2. Monitor and Alert

def cost_aware_run(agent, prompt, max_cost=0.10):
    result = agent.run(prompt)
    cost = agent.last_usage.cost

    if cost > max_cost:
        print(f"⚠️  High cost alert: ${cost:.4f} (limit: ${max_cost:.4f})")

    return result

3. Cache Expensive Results

import hashlib

def cached_expensive_call(agent, prompt, cache_file="cache.json"):
    # Create cache key from prompt
    key = hashlib.md5(prompt.encode()).hexdigest()

    # Check cache
    if os.path.exists(cache_file):
        with open(cache_file) as f:
            cache = json.load(f)
            if key in cache:
                return cache[key]['result']

    # Run expensive operation
    result = agent.run(prompt)
    cost = agent.last_usage.cost

    # Cache result
    cache = {}
    if os.path.exists(cache_file):
        with open(cache_file) as f:
            cache = json.load(f)

    cache[key] = {'result': result, 'cost': cost, 'timestamp': time.time()}

    with open(cache_file, 'w') as f:
        json.dump(cache, f)

    return result

Cost Reporting

Daily Cost Tracking

def log_daily_cost(run_data):
    """Log cost data for analysis."""
    today = datetime.now().strftime("%Y-%m-%d")

    log_entry = {
        'date': today,
        'timestamp': datetime.now().isoformat(),
        'model': run_data['model'],
        'tokens': run_data['usage'].total_tokens,
        'cost': run_data['usage'].cost,
        'task': run_data['task']
    }

    # Append to daily log
    log_file = f"cost_log_{today}.jsonl"
    with open(log_file, 'a') as f:
        f.write(json.dumps(log_entry) + '\n')

    return log_entry

Cost Analytics

def analyze_cost_logs(log_files):
    """Analyze cost patterns from logs."""
    total_cost = 0
    total_tokens = 0
    model_costs = {}

    for log_file in log_files:
        with open(log_file) as f:
            for line in f:
                entry = json.loads(line)
                total_cost += entry['cost']
                total_tokens += entry['tokens']

                model = entry['model']
                if model not in model_costs:
                    model_costs[model] = 0
                model_costs[model] += entry['cost']

    return {
        'total_cost': total_cost,
        'total_tokens': total_tokens,
        'avg_cost_per_token': total_cost / total_tokens if total_tokens > 0 else 0,
        'model_breakdown': model_costs
    }

Troubleshooting

Common Issues

Usage data not available:

# Check if agent was run
if hasattr(agent, 'last_usage') and agent.last_usage:
    print(f"Cost: {agent.last_usage.cost}")
else:
    print("No usage data - run the agent first")

Pricing not found for model:

# Register custom pricing
register_model_pricing("unknown-model", input_price=0.001, output_price=0.002)
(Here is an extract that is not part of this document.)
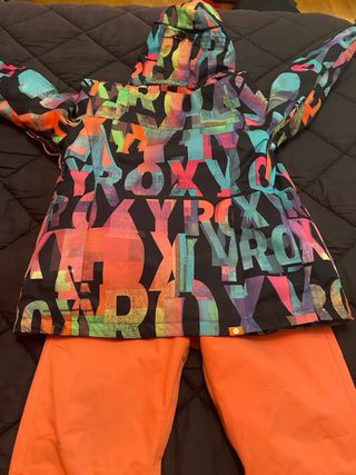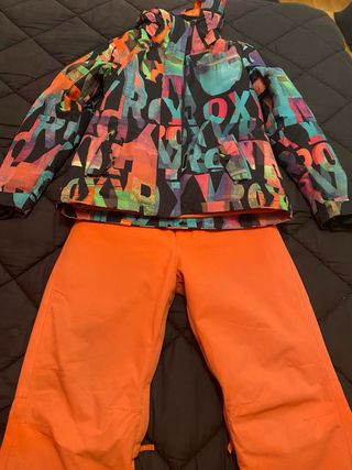 Conjunto de esquí Roxy que incluye cazadora y pantalón. - Cazadora multicolor con estampado de letras. Talla s - Pantalón de color naranja. Talla S ( algun corte de esqui en los bajos).

# Or use calculate_cost with explicit prices
cost = (prompt_tokens * 0.001 + completion_tokens * 0.002) / 1000

Cost calculation seems wrong:

# Verify token counts
usage = agent.last_usage
print(f"Prompt: {usage.prompt_tokens}, Completion: {usage.completion_tokens}")
print(f"Expected cost: ${calculate_cost(model, usage.prompt_tokens, usage.completion_tokens):.4f}")

Migration Guide

From Manual Tracking

# Old way (manual)
start_tokens = get_token_count()
result = agent.run(prompt)
end_tokens = get_token_count()
cost = calculate_cost_manually(end_tokens - start_tokens)

# New way (automatic)
result = agent.run(prompt)
cost = agent.last_usage.cost

From External Monitoring

# Old way (external logging)
result = agent.run(prompt)
log_to_external_service({
    'tokens': external_token_counter(),
    'cost': external_cost_calculator(),
    'model': 'gpt-4'
})

# New way (built-in)
result = agent.run(prompt)
log_data = {
    'tokens': agent.last_usage.total_tokens,
    'cost': agent.last_usage.cost,
    'model': agent.model
}

This comprehensive cost tracking system ensures you always know how much your AI usage costs, enabling better budget management and cost optimization strategies.